**Task to complete**
A faithful copy of the data is the goal; set it down exactly, without the images.

**Dataset extract**
++++

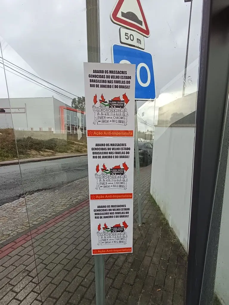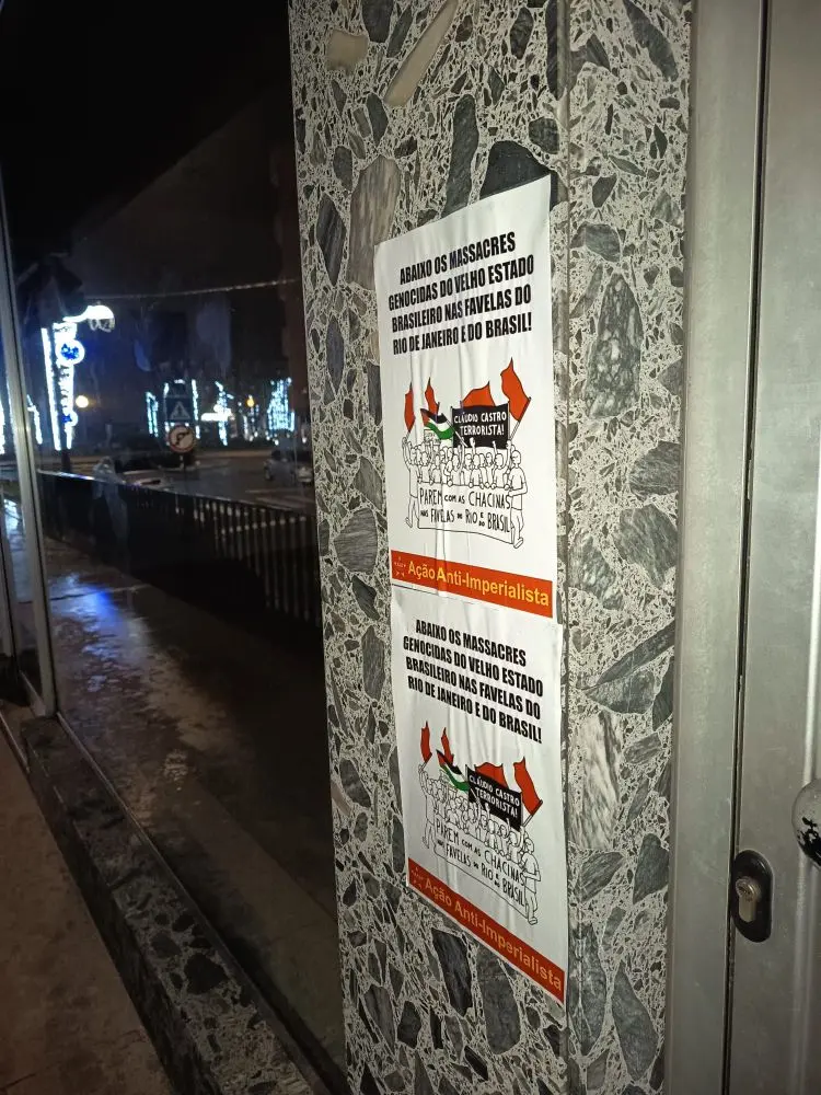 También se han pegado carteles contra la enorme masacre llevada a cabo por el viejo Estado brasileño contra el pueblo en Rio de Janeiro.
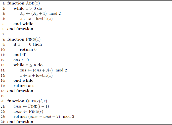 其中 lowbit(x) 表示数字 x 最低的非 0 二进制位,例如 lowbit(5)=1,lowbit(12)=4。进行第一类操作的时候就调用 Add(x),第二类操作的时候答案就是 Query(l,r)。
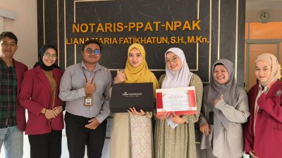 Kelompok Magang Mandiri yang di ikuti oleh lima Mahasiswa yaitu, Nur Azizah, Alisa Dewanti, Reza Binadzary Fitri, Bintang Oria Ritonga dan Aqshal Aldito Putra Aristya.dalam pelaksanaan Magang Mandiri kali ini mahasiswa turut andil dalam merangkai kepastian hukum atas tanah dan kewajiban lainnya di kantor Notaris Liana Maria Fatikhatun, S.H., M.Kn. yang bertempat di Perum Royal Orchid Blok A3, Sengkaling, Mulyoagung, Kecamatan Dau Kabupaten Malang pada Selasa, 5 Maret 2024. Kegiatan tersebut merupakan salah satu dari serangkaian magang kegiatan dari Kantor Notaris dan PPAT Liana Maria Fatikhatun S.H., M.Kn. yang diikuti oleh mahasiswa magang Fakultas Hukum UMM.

++++

**Written solution**
 También se han pegado carteles contra la enorme masacre llevada a cabo por el viejo Estado brasileño contra el pueblo en Rio de Janeiro.
 其中 lowbit(x) 表示数字 x 最低的非 0 二进制位,例如 lowbit(5)=1,lowbit(12)=4。进行第一类操作的时候就调用 Add(x),第二类操作的时候答案就是 Query(l,r)。
 Kelompok Magang Mandiri yang di ikuti oleh lima Mahasiswa yaitu, Nur Azizah, Alisa Dewanti, Reza Binadzary Fitri, Bintang Oria Ritonga dan Aqshal Aldito Putra Aristya.dalam pelaksanaan Magang Mandiri kali ini mahasiswa turut andil dalam merangkai kepastian hukum atas tanah dan kewajiban lainnya di kantor Notaris Liana Maria Fatikhatun, S.H., M.Kn. yang bertempat di Perum Royal Orchid Blok A3, Sengkaling, Mulyoagung, Kecamatan Dau Kabupaten Malang pada Selasa, 5 Maret 2024. Kegiatan tersebut merupakan salah satu dari serangkaian magang kegiatan dari Kantor Notaris dan PPAT Liana Maria Fatikhatun S.H., M.Kn. yang diikuti oleh mahasiswa magang Fakultas Hukum UMM.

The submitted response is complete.